WORK ORDER - Write out exactly the lines running from the one with "The FREEDOM X Combox" to the end of the data, including both of those lines and excluding pictures.

(Records from a data source)
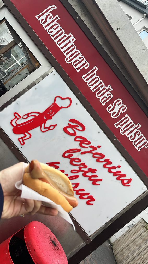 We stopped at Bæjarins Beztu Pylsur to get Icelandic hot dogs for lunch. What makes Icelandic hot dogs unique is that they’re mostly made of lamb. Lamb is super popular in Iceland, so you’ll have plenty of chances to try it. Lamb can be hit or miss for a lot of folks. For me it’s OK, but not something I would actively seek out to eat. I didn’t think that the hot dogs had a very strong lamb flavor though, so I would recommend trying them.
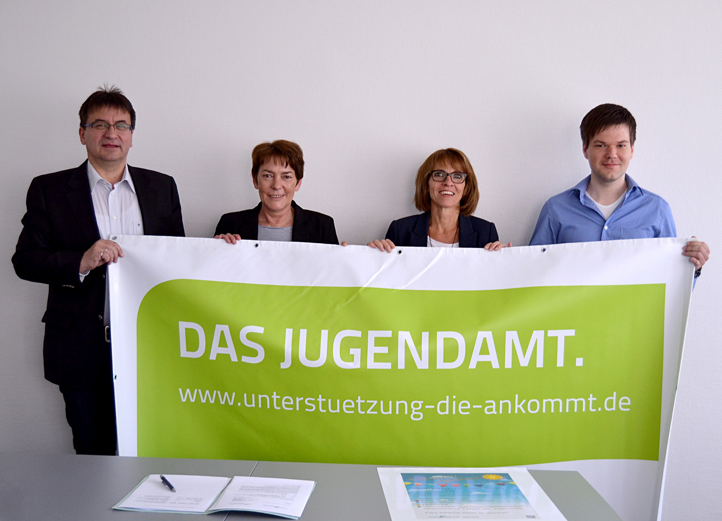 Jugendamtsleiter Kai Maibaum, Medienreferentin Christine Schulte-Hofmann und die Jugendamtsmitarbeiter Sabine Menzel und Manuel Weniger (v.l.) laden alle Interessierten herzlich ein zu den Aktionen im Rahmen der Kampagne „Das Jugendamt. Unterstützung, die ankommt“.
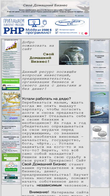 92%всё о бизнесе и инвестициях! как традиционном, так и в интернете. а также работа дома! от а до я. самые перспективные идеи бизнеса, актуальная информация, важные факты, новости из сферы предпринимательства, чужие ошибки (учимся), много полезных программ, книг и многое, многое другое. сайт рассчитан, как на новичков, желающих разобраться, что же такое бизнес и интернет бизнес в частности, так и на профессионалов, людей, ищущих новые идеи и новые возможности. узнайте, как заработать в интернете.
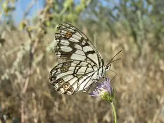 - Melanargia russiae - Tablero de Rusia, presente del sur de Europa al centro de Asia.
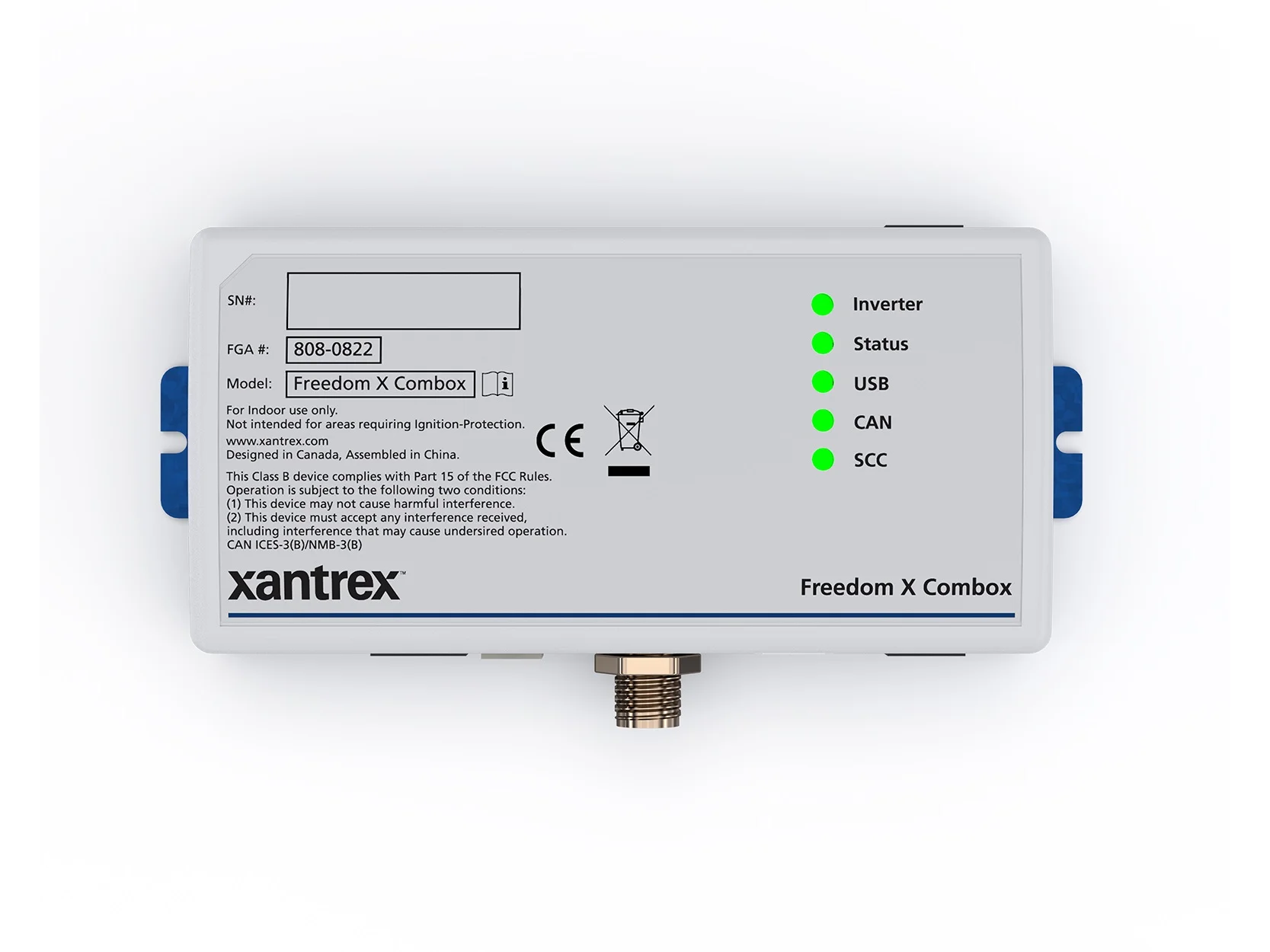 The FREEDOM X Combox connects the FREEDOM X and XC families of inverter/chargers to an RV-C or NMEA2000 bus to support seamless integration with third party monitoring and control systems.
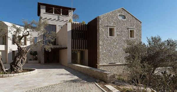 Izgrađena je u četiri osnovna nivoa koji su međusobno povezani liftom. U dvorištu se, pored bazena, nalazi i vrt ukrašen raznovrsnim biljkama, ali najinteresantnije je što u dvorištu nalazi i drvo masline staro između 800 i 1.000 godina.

ANSWER BELOW -
 The FREEDOM X Combox connects the FREEDOM X and XC families of inverter/chargers to an RV-C or NMEA2000 bus to support seamless integration with third party monitoring and control systems.
 Izgrađena je u četiri osnovna nivoa koji su međusobno povezani liftom. U dvorištu se, pored bazena, nalazi i vrt ukrašen raznovrsnim biljkama, ali najinteresantnije je što u dvorištu nalazi i drvo masline staro između 800 i 1.000 godina.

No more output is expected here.